WHAT THE TASK REQUIRES – All pictures must be left out as you transcribe the lines from the first line of the data to the line containing "Casa Felipe Díaz y Cocheras del Rey", both included.

Stored entries:
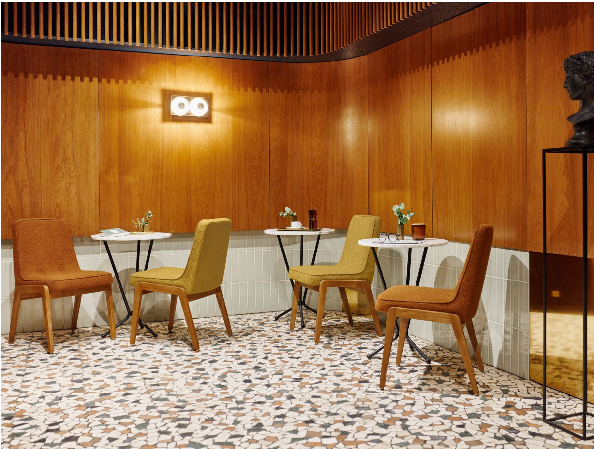
200-125 VAR Chairs / Chaises – Boucle Coll. / Mustard & Sierra
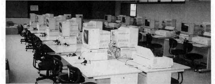
▲小国中学校CAI教室(平成2年度設置)

しかし、情報化社会の中でコンピュータ教育は次世代を担う子ども達にとって非常に重要になってきており、現在整備がすすめられています。
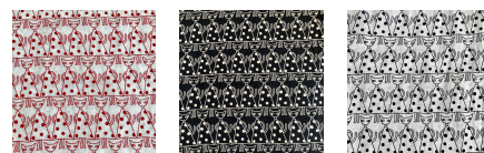
01 レッド 02 ブラック 03 ホワイト
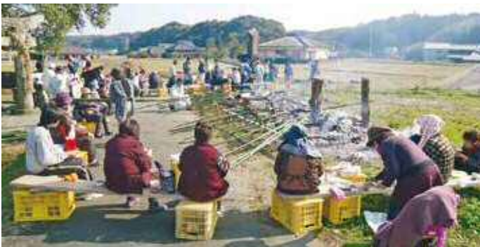
荒河内【参加者数ダントツ1位】
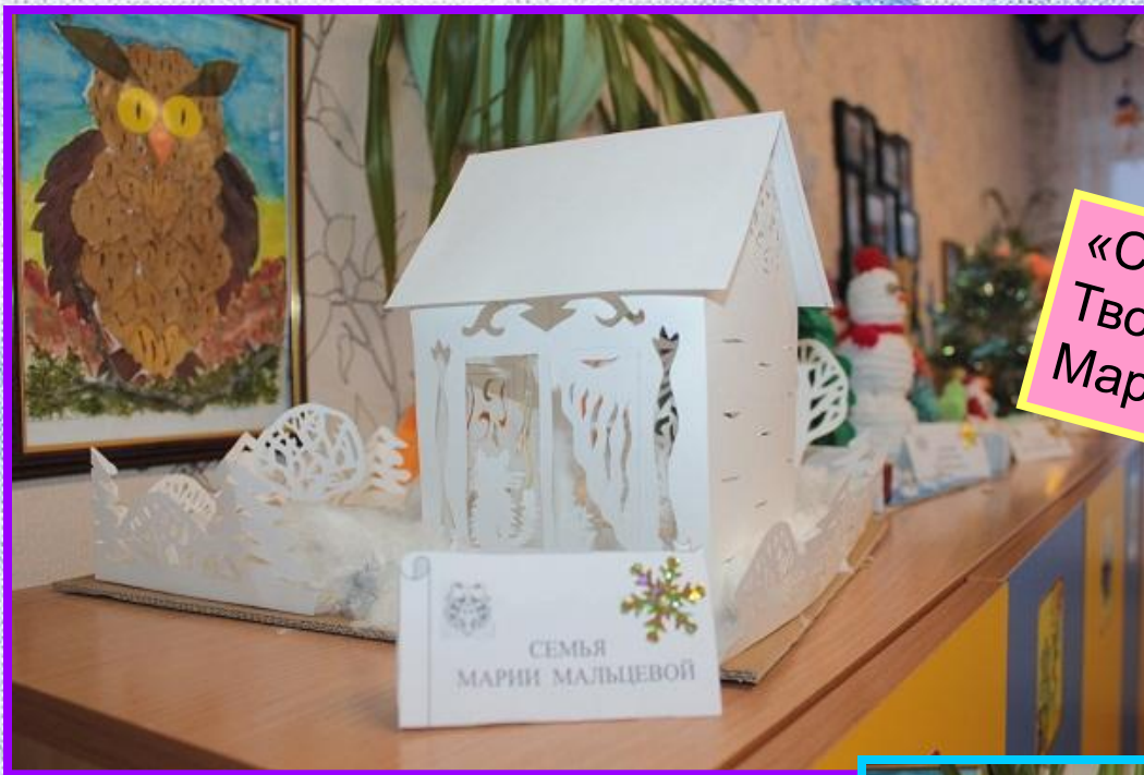
«Снежный дворец» Творчество семьи Марии Мальцевой.
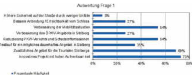
Auswertung Frage 1

Abschließend ist zu erwähnen, dass eine höhere Sicherheit auf der Straße kein besonderes Argument für die Einführung eines automatisierten Shuttlebusses zu sein scheint (8 %).
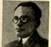
El interventor de Parahyba, doctor Antenor Navarro, fallecido.
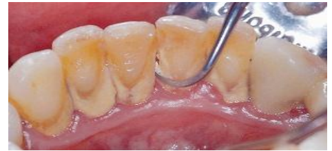
歯石をスケーラーという器具で除去しています

←写真のように歯石は歯と歯肉の境目に付着します。歯ブラシの毛先を考えながら磨いてください。
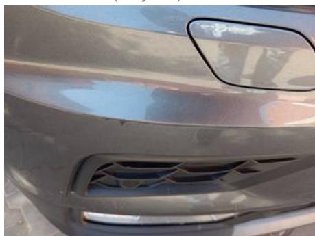
Bouclier avant (Rayure)
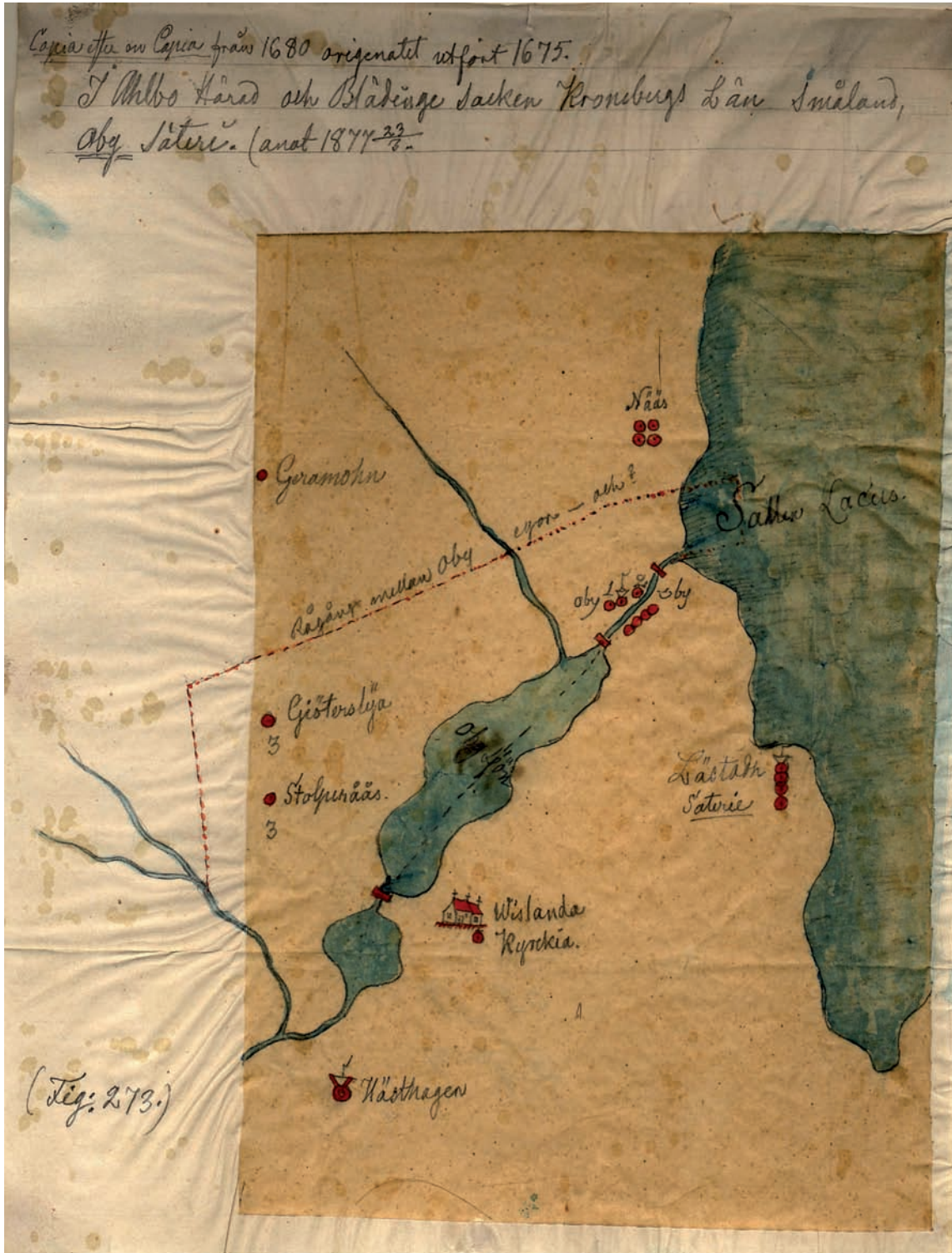
Karta över Vislanda kyrka med omgivningar utförd av Nils Månsson Mandelgren 1877.
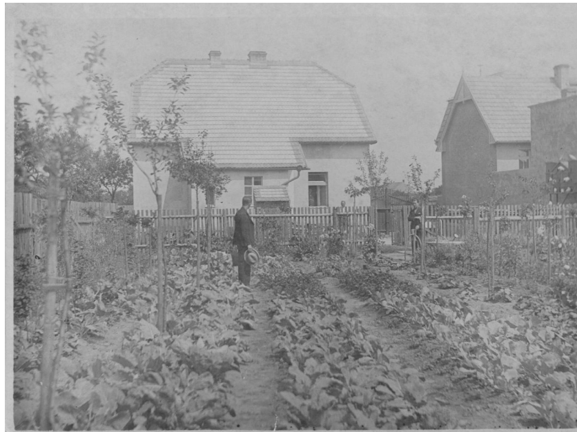
Abb 4a: Grossvaters Haus, 1928
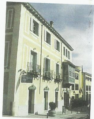
Casa Felipe Díaz y Cocheras del Rey

la proyección de un trazado urbano que continúa la ortogonalidad impuestas por el Monasterio y se adapta a la topografía del terreno y a las irregulares manzanas pre-existentes. A él se deben obras como la Casa Grande del Común (en el solar de la actual ayuntamiento), la Real Ballestería, la Casa de los Perros, el Hospital de San Carlos (1771), la Casa para arrendar de Felipe Díaz Bamonte (1771) y las Cocheras de su Majestad (1772). Juan de Villanueva, realiza numerosas edificaciones que, salpicadas en el conjunto urbano invitan al paseo y la contemplación. En 1768 la Casa del Cónsul. Un año más tarde el Palacio del Marqués de Campo Villar, La Casa de los Infantes D. Gabriel, D. Antonio Pascual y D. Francisco Javier. En 1771 realiza la Casita del Infante y probablemente, en 1774, los Cuarteles de Inválidos y Voluntarios a Caballo. A él también se deben la Tercera Casa de Oficios (1785), la Casa del Duque de Medinaceli (1785), la Casa de las Columnas o de las Tiendas (1787), la ampliación del Mercado público (1797) y otras numerosas obras arquitectónicas de la localidad. En 1971 el Casco de San Lorenzo de El Escorial obtiene la declaración de Interés Cultural con categoría de conjunto Histórico-Artístico.
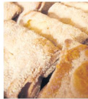
PAN AHUALULCO. Delicia que lleva el nombre de la ciudad que lo vio nacer.
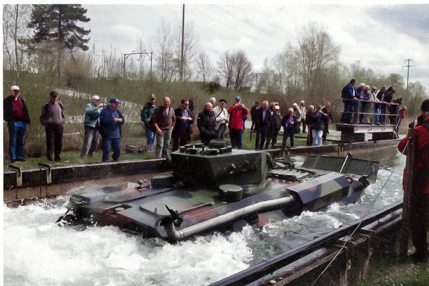
Schwimmfähiger Piranha im Wasserkanal.

Die Verkaufserfolge widerspiegeln sich in der Tatsache, dass z.B. 138 Fahrzeuge an Belgien, 18 an die brasilianische Marine, 21 an die spanische Marineinfanterie, 130 an die Bundeswehr, wobei hier Teile in Deutschland gefertigt wurden, jedoch zu 70% Schweizer Inlandproduktion darstell-
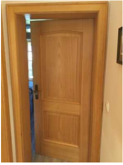
Tür zum Schlafzimmer
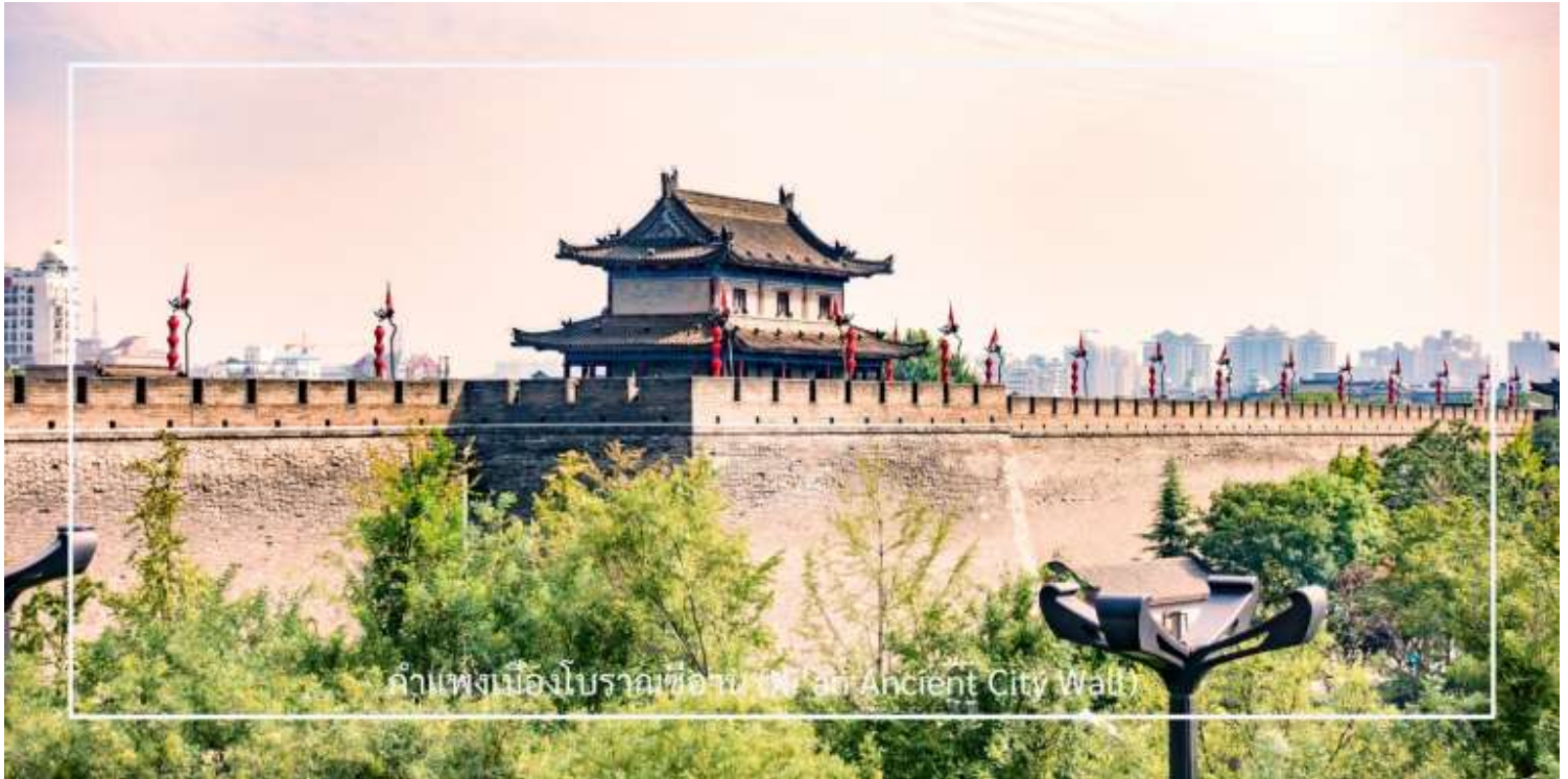
กำแพงเมืองโบราณซีอาน (Xi'an Ancient City Wall)

นำท่านขึ้นชม กำแพงเมืองโบราณซีอาน (Xi'an Ancient City Wall) อีกหนึ่งกำแพงเมืองโบราณเก่าแก่และสมบูรณ์ที่สุดของจีน สร้างขึ้นในสมัยราชวงศ์หมิงเมื่อกว่า 600 ปีก่อน มีความยาวโดยรอบประมาณ 13.7 กิโลเมตร กว้าง 12-14 เมตร และสูงราว 12 เมตร ออกแบบอย่างแข็งแกร่งเพื่อการป้องกันเมือง โดยมีป้อม ประตูเมือง และคูน้ำล้อมรอบ ปัจจุบันกลายเป็นแหล่งท่องเที่ยวยอดนิยม นักท่องเที่ยวสามารถเดินเล่นหรือปั่นจักรยานบนกำแพง เพื่อชมทัศนียภาพของเมืองซีอานทั้งภายในและภายนอกเขตกำแพงได้อย่างชัดเจน
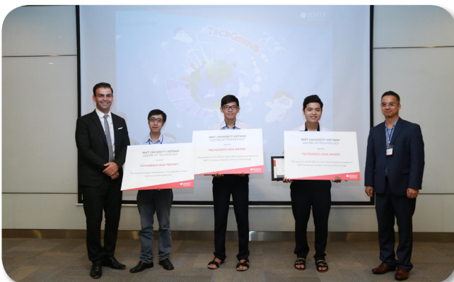
Nhóm học sinh được trao giải nhất cuộc thi TechGenius.

Đặc biệt, bộ cờ vua "The Legends" in bằng công nghệ 3D đã
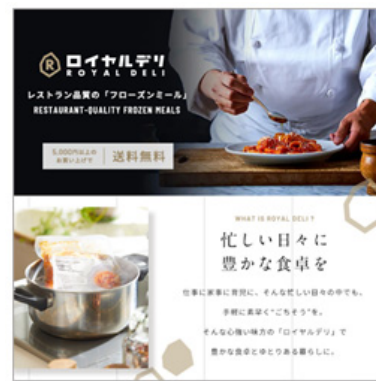
EATPICK marché : ロイヤルデリ
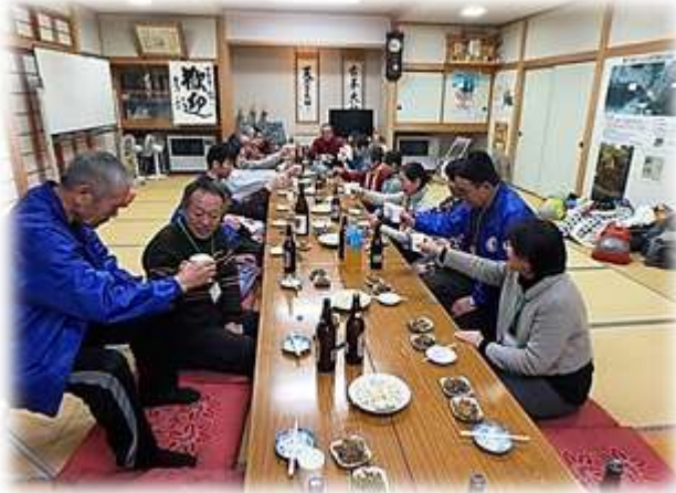
キャンドルのおもてなし みんな一緒に交流会
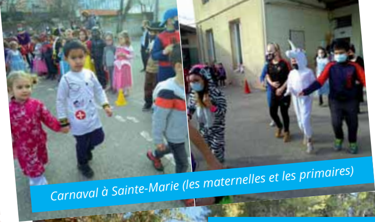
Carnaval à Sainte-Marie (les maternelles et les primaires)
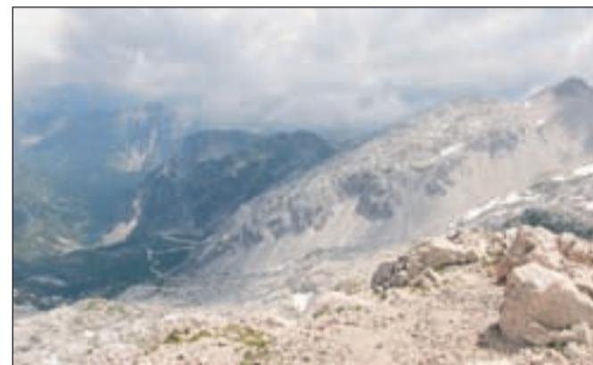
Pogled na Krnsko jezero in Vrh nad Peski
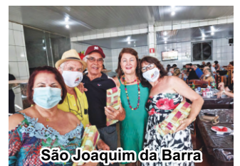
São Joaquim da Barra
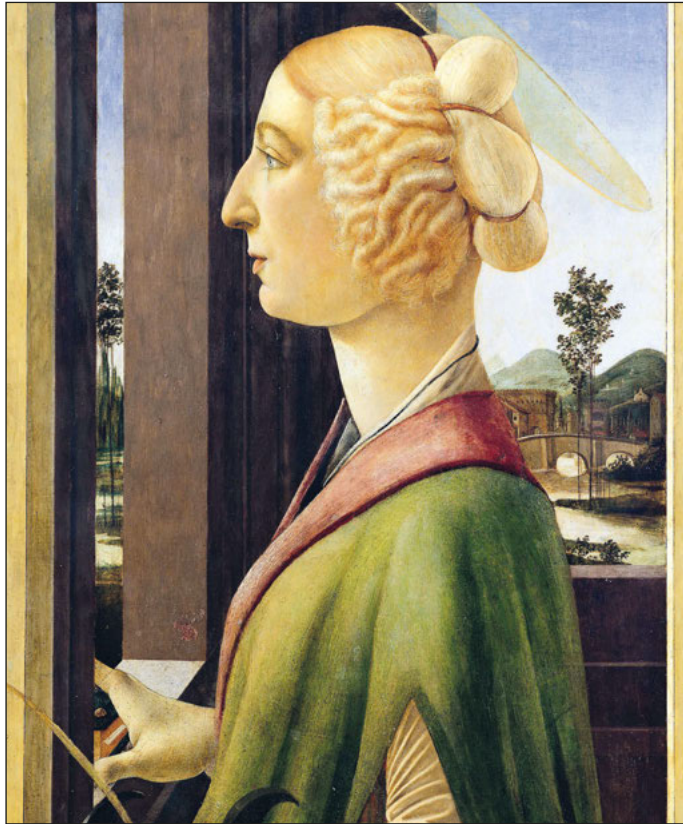
Gerade in San Francisco: Sandro Botticelli, Bildnis einer Dame (um 1475, Lindenau-Museum Altenburg).

Ausgerechnet nach Italien – in die Heimat der Tafelmalereien des Lindenau-Museums – wurde 2023 ein Werk der klassischen Moderne verliehen: Im Palazzo Pitti der Uffizien in Florenz war das Landschaftsbild „Procida“ (1939) aus dem Bestand des Lindenau-Museums von Rudolf Levy zu sehen. Anlass war eine große Retrospektive zu Ehren des expressionistischen Künstlers, der 1940 nach Florenz emigrierte. Die Uffizien gelten zusammen mit dem Kolosseum in Rom, den Vatikanischen Museen und den Ausgrabungsstätten von Pompeji als die bedeutendsten Kulturstätten Italiens.
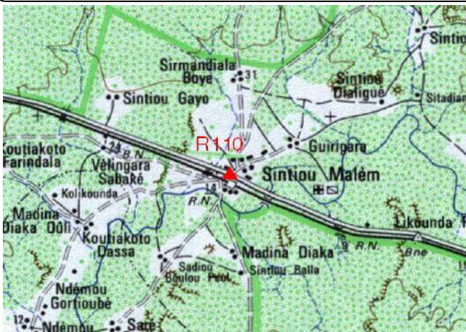
Cartographie 1:200.000 : Tamba

Description: Sintiou Malèm, repère scellé dans mur de soutènement du terre-plein de l'ancienne gare ferroviaire
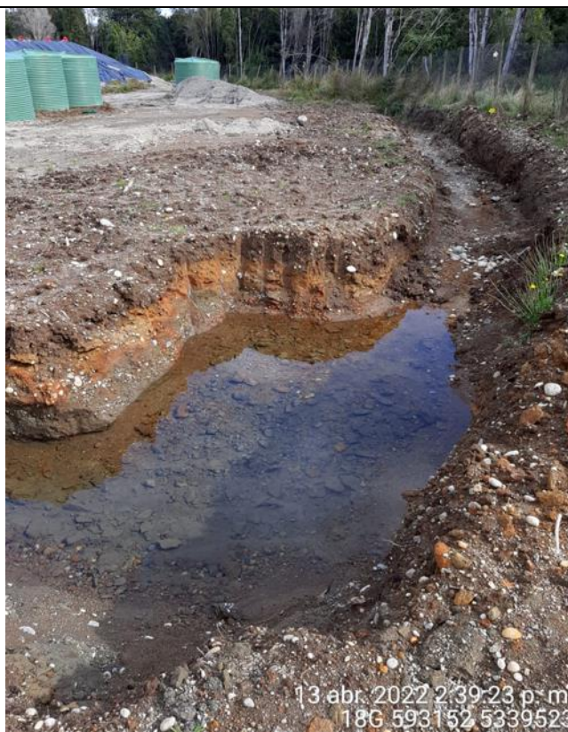
Fotografía N°22: Estado canales aguas lluvias
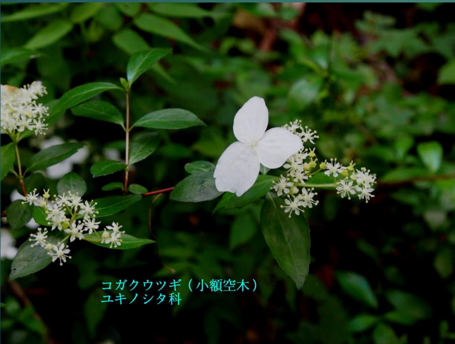
コガクウツギ (小額空木) ユキノシタ科
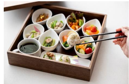
ファスティング食 イメージ
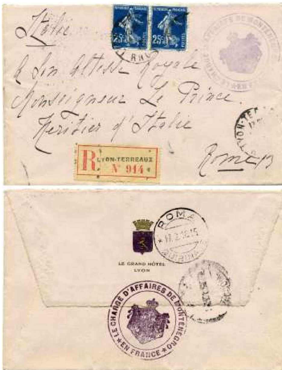
Bild 1 LE CHARGE D'AFFAIRES DE MONTENEGRO EN FRANCE Vorder- und Rückseite eines Einschreibens aus Lyon vom 15.2.1916 an den Kronprinzen von Italien

Der König wollte als Aufenthaltsort die Stadt Lyon, in der Nähe der Schweizer Grenze wählen, wo er sich auch zunächst niederließ (Bild 1).
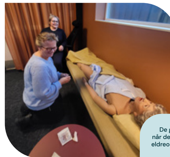
De geriatrike simuleringsdukkene er i bruk når deltakerne ved etterutdanningen Palliativ eldreomsorg øver på praktiske prosedyrer.

Siden oppstart i januar 2017 har 863 deltagere fra alle landets fylker og 147 kommuner gjennomført utdanningen, av disse 151 deltakere i 2022.
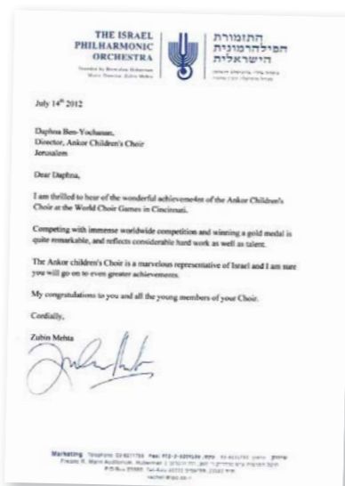
מכתבו של המאסטר זובין מהטה

RESULT BELOW –
200-125 VAR Chairs / Chaises – Boucle Coll. / Mustard & Sierra
▲小国中学校CAI教室(平成2年度設置)

しかし、情報化社会の中でコンピュータ教育は次世代を担う子ども達にとって非常に重要になってきており、現在整備がすすめられています。
01 レッド 02 ブラック 03 ホワイト
荒河内【参加者数ダントツ1位】
«Снежный дворец» Творчество семьи Марии Мальцевой.
Auswertung Frage 1

Abschließend ist zu erwähnen, dass eine höhere Sicherheit auf der Straße kein besonderes Argument für die Einführung eines automatisierten Shuttlebusses zu sein scheint (8 %).
El interventor de Parahyba, doctor Antenor Navarro, fallecido.
歯石をスケーラーという器具で除去しています

←写真のように歯石は歯と歯肉の境目に付着します。歯ブラシの毛先を考えながら磨いてください。
Bouclier avant (Rayure)
Karta över Vislanda kyrka med omgivningar utförd av Nils Månsson Mandelgren 1877.
Abb 4a: Grossvaters Haus, 1928
Casa Felipe Díaz y Cocheras del Rey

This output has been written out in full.